"Life may not be replete with the moments that pause your soul, the vivid memories of which cause your heart to beat differently, or make it hard to swallow. And all the better. Much of the beauty of those moments lies in their rarity -- in the awe of being in the right place, at the right time, a partaker in coincidence. And in finding a reason to believe in fate..."

Sunday, March 05, 2006

A Broken Vow

After several months of not having any news about him, I broke my promise to myself by starting a conversation, again. A random joke turned into a whole day's worth of talk--from my upcoming trip to Bohol, to his Binggo raffle project, to "kandungans" and plane rides, to our travels and our longing to see Pagudpod (for cheaper rates!), to Eheads, to our jamming sessions, to guitar and piano lessons, to his bands, to our work and lives in general...


I won't deny that even the silliest talks with him always bring a certain smile and tug to my heart. I've really missed him so, and for a few hours, he really has made me happy. But when talks came to how we'd see each other, i mean, really see each other, our conversations waned to awkward small talk. It's a depressing cycle, and one that I wanted to end long ago, if only I had the discipline to stay away and keep my promise...


For anything else, I've already found what I'm looking for in him. But there's no commitment--what do I do with mere MUs? I'm tired. I'm tired of flings. I'm tired of dating aimlessly. I want to start something serious with someone who will treat me seriously. And unless he really makes the grand gesture of finally going to Manila to see me, and not just saying he wishes to see me all the time, that's the only way I'll take him seriously as well... Until then, I'm just his "girl from Manila", and he's "my guy from.. somewhere out there..."

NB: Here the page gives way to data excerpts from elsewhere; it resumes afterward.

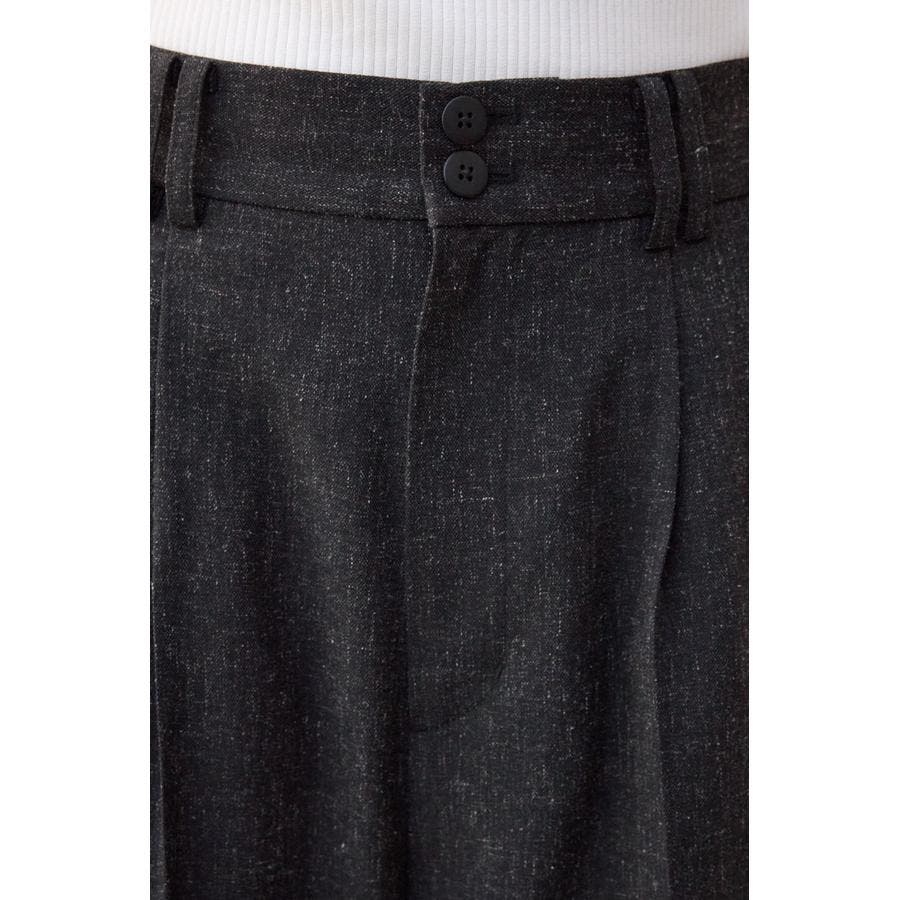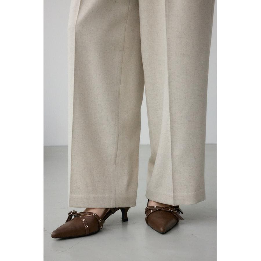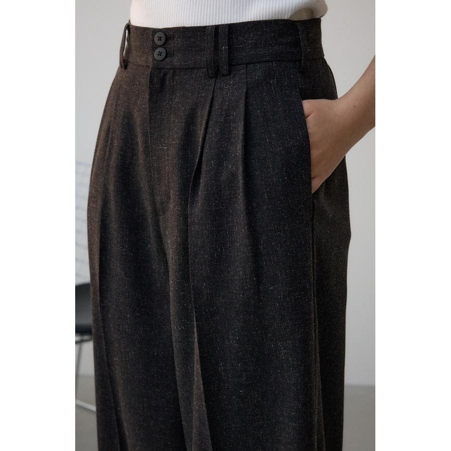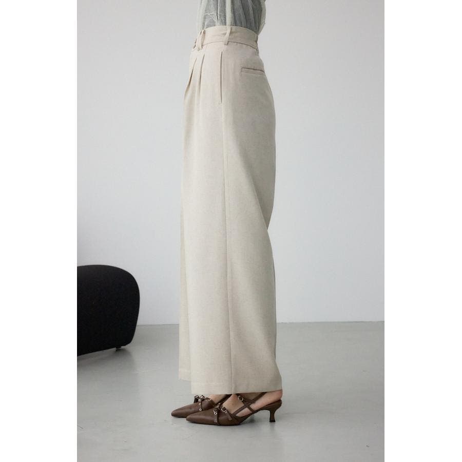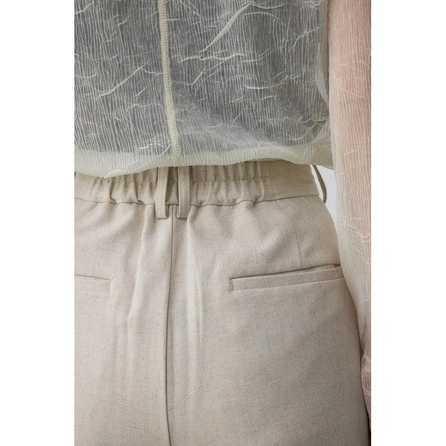 リネン混のポリエステル生地を使用したワイドパンツ。
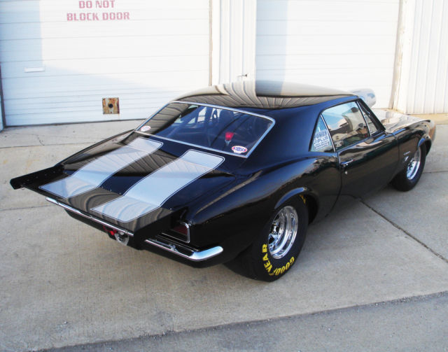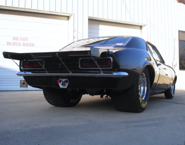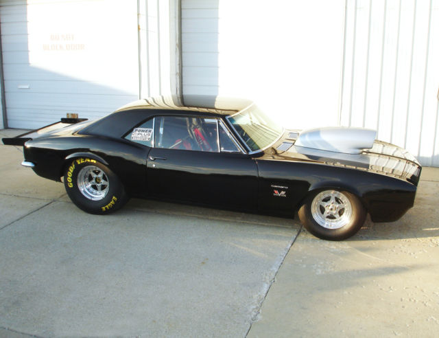 Race Car: Original title 1967 Camaro SS, Only 28,000 original miles. All steel body (except hood). Factory glass. Stretched quarter panel wheel openings. Headlight and taillights work. 12-point mild steel cage (certified 8.50 ET). 2"x 3" main frame with Monza front suspension. Rack & Pinion steering. Front motor plate. Engine limiters, RH and LH side. Custom made step headers 2-1/8 to 2-1/4 (made by owner). Dana spooled rear end with 4:88 Pro Gears. Mark Williams 35 spline axles, 11/16" wheel studs. Hole Shot-Billet Wheels. New 14" x 32" Goodyear slicks (no runs). Wilwood disc brakes, front and rear. Aluminum master cylinder. Aluminum radiator. Chris Alstonâs Severe Duty ladder bars. 12-way adjustable rear shocks. 5 gallon fuel cell. Holley Mega pump. Fuel line -10 pump and regulator. Dedenbear delay box. Over head switch panel. Carbon fiber gauge cluster (fits stock dash panel). Dual mount batteries. Car weighs 2,796 lbs.Motor 502 cid:Chevrolet Big Block. Dart aluminum heads 320âs, 118 cc, 2.300" Int., 1.900" Exh. Jessel shaft rockers 1.7 ratio. Jessel belt drive timing. Titan Speed oil pump. Jeff Johnston aluminum oil pan and billet aluminum valve covers. Eagle forged crankshaft (stroke 4.250"). Eagle H-beam rods (6.535"). J&E gas ported competition pistons (4.350" bore) 14.2:1 compression. Isky roller camshaft (4/7 swap) .808" lift Int., .765" lift exh., Duration @ .050" 282° Int., 292° Exh. King Demon Carburetor 1400 CFM (modified by Bob Book). Balancer ATI. Vacuum pump, Aeromotive. Motor is completely new, it has only one Dyno session. The motor produced 814 HP @ 7900 RPM. Motor should produce over 835 HP once it is completely broken in. Transmission:Dedenbear 2-speed Power Glide, 1.80 straight cut gears. mark Williams trans yoke and pinion yoke. Pro Brake. Coan 8" converter. B&M shifter.The last time this Camaro went down the strip, it ran 9.20âs with a 477 cid motor. With this new motor it should run high 8 second E.T.âs. Camaro is very easy to drive, it goes straight as an arrow flying down the quarter mile. If you were to build a car like this from scratch, expect to spend upwards of $80,000! Hereâs your chance to get a great high performance drag Camaro for a song! Questions? Contact me thru ebay. Check payment details for accepted forms of payment. Thanks for looking. Good luck. Camaro is located in Kankakee, Illinois 60901, 65 miles south of Chicago. It is being kept in dry heated storage. You can view the car in person, just give us 24 hour notice.
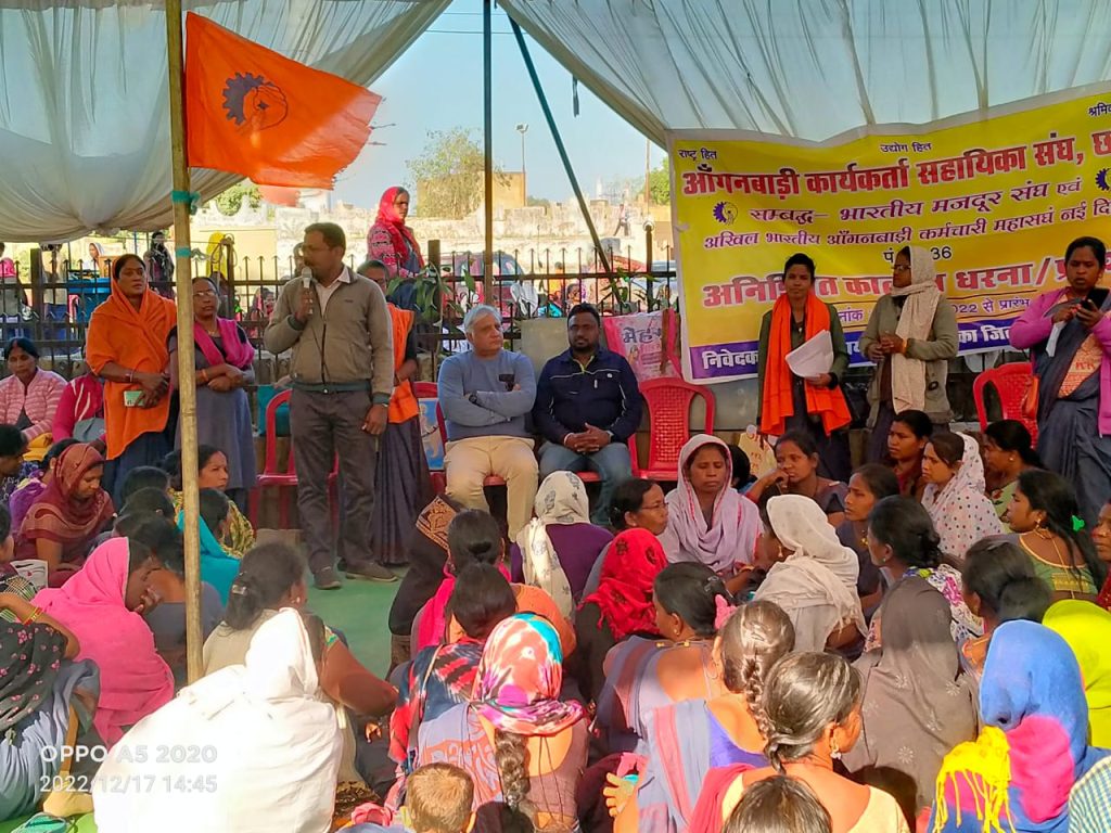 Korbavani.com- कोरबा जिले में आंगनबाड़ी कार्यकर्ता सहायिका संघ के आंदोलन को भारतीय मजदूर संघ से संबंद्ध विभिन्न अनुषांगिक सघो/उद्योगों के द्वारा बारी-बारी से धरना स्थल पहुंचकर समर्थन दिया जा रहा है। आज चौथे दिन धरना स्थल पर छत्तीसगढ़ बिजली उत्पादन कर्मचारी संघ के प्रांतीय संयुक्त महामंत्री शब्बीर मेमन, भारतीय मजदूर संघ के जिलाध्यक्ष शरद शरद नायर, कार्यकारी अध्यक्ष संजीव शरद शर्मा एवं जिला मंत्री नवरतन बरेठ ने धरना स्थल पहुंचकर आंदोलन में शामिल हुए एवं समर्थन दिया। तथा आंदोलनरत आंगनबाड़ी कार्यकर्ता सहायिका के बहनों को आश्वस्त किया कि उनकी मांग जायज है, 8 मांगों में ऐसा कोई भी मांग नहीं है जिसको पूरा नहीं किया जा सकता। जब तक उनकी मांगे पूरी नहीं होती है तब तक भारतीय मजदूर संघ के प्रत्येक संगठन उनके साथ खड़ी है निश्चित रूप से सफलता मिलेगी। आंगनबाड़ी कार्यकर्ता सहायिका संघ के आंदोलन में बैठे कार्यकर्ता बहनों को संबोधित करते हुए शब्बीर मेमन ने कहा कि हमारी आंगनबाड़ी की बहने कोरोना जैसे गंभीर महामारी के समय भी अपनी जान जोखिम में डालकर दिन-रात सेवा की है हम सब ने देखा है केंद्र सरकार हो चाहे राज्य सरकार हो उनकी विभिन्न सरकारी योजनाओं को धरातल पर फलीभूत करने के लिए सरकारी आंगनबाड़ी कार्यकर्ताओ एवं सहायिकाओं से ही उपयोग करती है यदि यह बहने कार्य नहीं करती तो सरकार की कोई भी योजना धरातल पर लागू नहीं हो सकता है। निश्चित रूप से सरकार को चाहिए कि इन्हें शासकीय कर्मचारी घोषित किए करें और जब तक नहीं करती है तब तक कलेक्टर दर पर भुगतान करें।

The only problem is, I'm already tired of waiting for him to take me, to take us, seriously. How long do I have to wait? All my life, I've always been waiting. Maybe it's time for me to move on. I can't be friends with him anymore, because being friends really hurt. Because I'll always be wanting something more... I always had, even before we started this thing, even before he started to give me a little bit of attention. Long Distance Sucks. It's either he's in all the way or he's not.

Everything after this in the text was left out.